Türkiye’nin söz konusu 36 kriterden 10’unu "temel seviyede",13 kriteri “iyi seviyede”, 6 kriteri ise “ileri seviyede” karşıladığı belirtildi.
Kriterler içeriside Türkiye’nin en kapsamlı ilerlemeyi mali raporlama alanında kaydettiği belirtilirken, halen 5 alanda temel kriterlerin karşılanmadığı hatırlatıldı.
Türkiye’de önümüzdeki dönemde daha da ilerleme kaydedilmesi gereken alanların olduğu belirtilen raporda, “Mali istatistikler genel hükümeti kapsarken, Türkiye’nin kamuya ait 468 kamu şirketini konsolide etmiyor.
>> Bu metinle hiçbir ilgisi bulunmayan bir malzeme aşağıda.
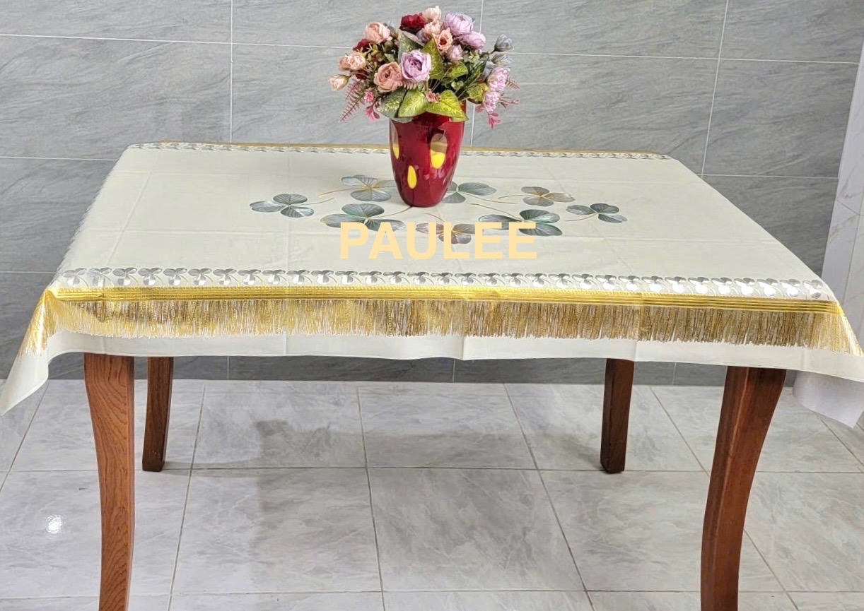 - Khăn Trải Bàn 602 hiệu PAULEE - Chất liệu: Vải Polyester - Kiểu dáng khăn hình chữ nhật. - Kích thước: 135 cm x 180 cm. - Hoa văn kem, góp phần tô điểm

Bu şirketleri giderleri GSYH’nın yaklaşık yüzde 12,6’sını oluşturuyor.” ifadesine yer verildi.
Raporda ayrıca bilanço tablolarının finansal ve finansal olmayan yükümlülükleri içerirken, hükümetin mal varlıklarının mevcuduna ise değerinden daha düşük şekilde yer verildiği belirtildi.
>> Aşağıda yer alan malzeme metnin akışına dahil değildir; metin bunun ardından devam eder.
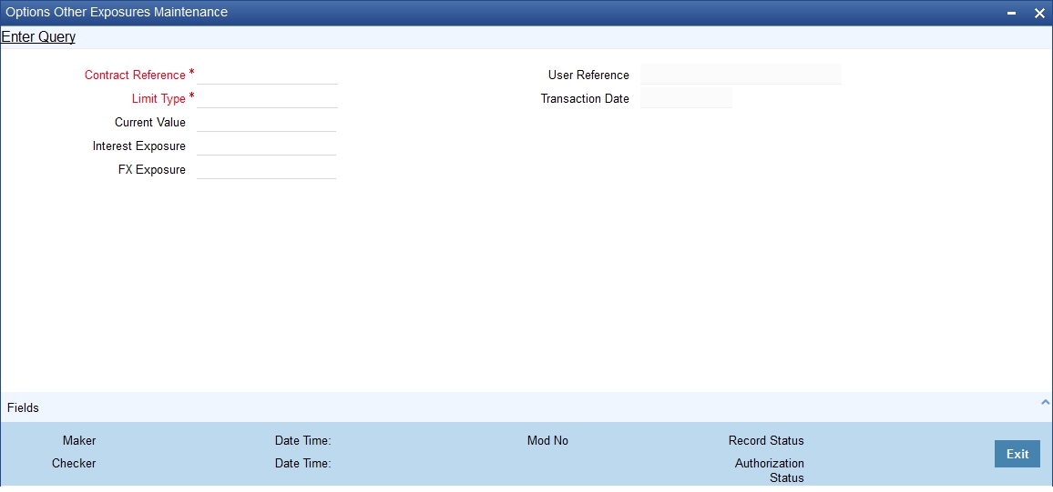On Inception of the contract, you can specify the Line, the Master Agreement Code, the marked-to-market value of the option, exposure to be tracked due to interest rate fluctuation and exchange rate movements. After the booking of the contract you can specify the various exposures through the ‘Options Other Exposure Maintenance’ screen.

Raporda, “Türkiye son yıllarda ekonomik tahminlerinde iyimser bir temayüle sahip. Reel Gayri Safi Yurtiçi Hasıla büyümesi yüzde 1 daha fazla tahmin ediliyor.” ifadesine yer verildi.
Enflasyon tahminlerinde de daha düşük tahminlerde bulunulduğu belirtildi.
Son 10 yılda performans bazlı bütçe sistemi konusunda gerçekleştirilen çalışmalara rağmen, bütçenin büyük oranda yönetimsel ve girdi bazlı olduğu, bunun da hükümetin politika önceliklerinin anlaşılmasını zorlaştırdığı kaydedildi.
Öte yandan hükümetin halihazırda alternatif makro mali senaryolara ilişkin hazırlık yaptığı, fakat bu çalışmaların yayımlanmadığı öne sürüldü.
Rapordun tavsiye bölümünde ise Türkiye’nin kamu şirketlerini de dahil ederek şirketlerin mali raporlama kapsamı genişletmesi gerektiği belirtildi.
Raporda ayrıca kamunun mal varlığının ise gerçek değerlerini yansıtacak şekilde bilanço tablolarının da kapsamının genişletilmesi gerektiği vurgulandı.